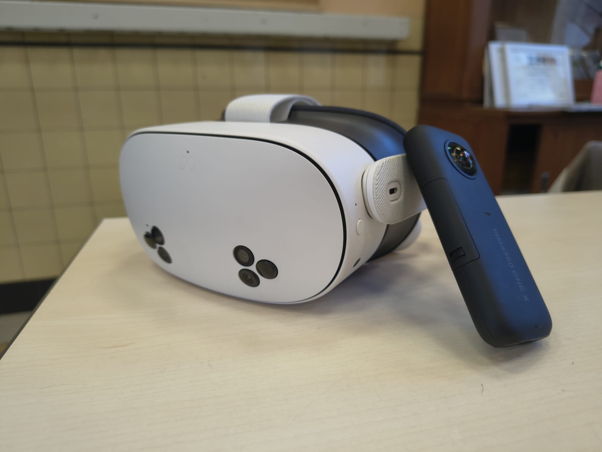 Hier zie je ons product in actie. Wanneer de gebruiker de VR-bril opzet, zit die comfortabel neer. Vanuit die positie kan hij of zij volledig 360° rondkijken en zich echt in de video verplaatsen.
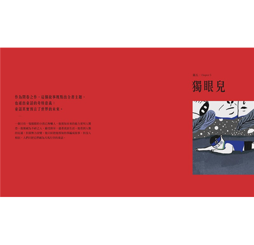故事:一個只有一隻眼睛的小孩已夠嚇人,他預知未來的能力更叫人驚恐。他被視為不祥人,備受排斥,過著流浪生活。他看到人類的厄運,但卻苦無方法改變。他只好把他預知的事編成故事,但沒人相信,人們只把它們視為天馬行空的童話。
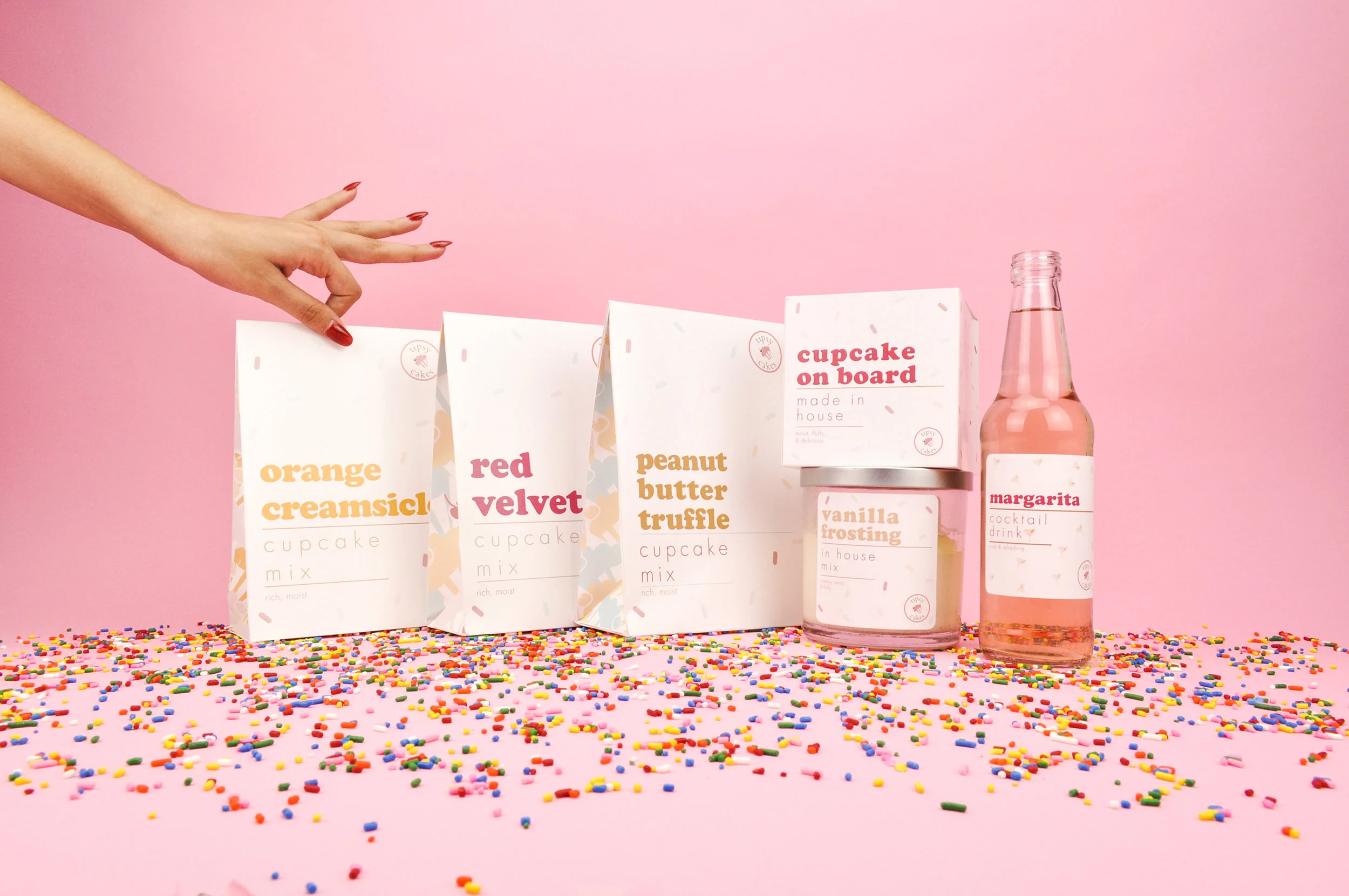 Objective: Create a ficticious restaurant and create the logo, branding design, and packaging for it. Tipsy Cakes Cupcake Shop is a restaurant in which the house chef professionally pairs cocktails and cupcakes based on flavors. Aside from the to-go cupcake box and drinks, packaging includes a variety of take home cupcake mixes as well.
--
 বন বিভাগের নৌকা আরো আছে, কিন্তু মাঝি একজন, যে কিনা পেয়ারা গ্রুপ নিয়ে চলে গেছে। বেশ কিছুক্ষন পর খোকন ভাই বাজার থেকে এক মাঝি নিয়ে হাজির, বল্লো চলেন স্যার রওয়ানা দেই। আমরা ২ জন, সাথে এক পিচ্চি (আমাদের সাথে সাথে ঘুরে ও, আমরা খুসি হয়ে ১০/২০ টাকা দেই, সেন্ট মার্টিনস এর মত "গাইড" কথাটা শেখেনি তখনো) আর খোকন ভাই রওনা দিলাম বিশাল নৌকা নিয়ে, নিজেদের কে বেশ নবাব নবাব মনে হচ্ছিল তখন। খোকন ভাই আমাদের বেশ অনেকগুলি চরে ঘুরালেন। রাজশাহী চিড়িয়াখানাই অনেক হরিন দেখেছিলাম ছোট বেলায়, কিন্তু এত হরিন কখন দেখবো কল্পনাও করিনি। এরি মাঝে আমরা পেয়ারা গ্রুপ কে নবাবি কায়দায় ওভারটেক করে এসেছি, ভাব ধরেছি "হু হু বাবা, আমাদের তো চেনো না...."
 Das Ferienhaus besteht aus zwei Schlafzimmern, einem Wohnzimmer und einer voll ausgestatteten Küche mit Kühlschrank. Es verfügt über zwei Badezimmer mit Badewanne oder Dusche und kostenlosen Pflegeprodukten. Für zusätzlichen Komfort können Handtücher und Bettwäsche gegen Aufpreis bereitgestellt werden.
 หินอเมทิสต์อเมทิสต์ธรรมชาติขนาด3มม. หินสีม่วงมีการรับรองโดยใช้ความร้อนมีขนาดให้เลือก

* [Assigned task] Given the entries above, transcribe exactly the lines from the one holding "Hier zie je" through the one holding "Objective: Create a"; pictures do not belong in the transcription.

* [Result]
 Hier zie je ons product in actie. Wanneer de gebruiker de VR-bril opzet, zit die comfortabel neer. Vanuit die positie kan hij of zij volledig 360° rondkijken en zich echt in de video verplaatsen.
故事:一個只有一隻眼睛的小孩已夠嚇人,他預知未來的能力更叫人驚恐。他被視為不祥人,備受排斥,過著流浪生活。他看到人類的厄運,但卻苦無方法改變。他只好把他預知的事編成故事,但沒人相信,人們只把它們視為天馬行空的童話。
 Objective: Create a ficticious restaurant and create the logo, branding design, and packaging for it. Tipsy Cakes Cupcake Shop is a restaurant in which the house chef professionally pairs cocktails and cupcakes based on flavors. Aside from the to-go cupcake box and drinks, packaging includes a variety of take home cupcake mixes as well.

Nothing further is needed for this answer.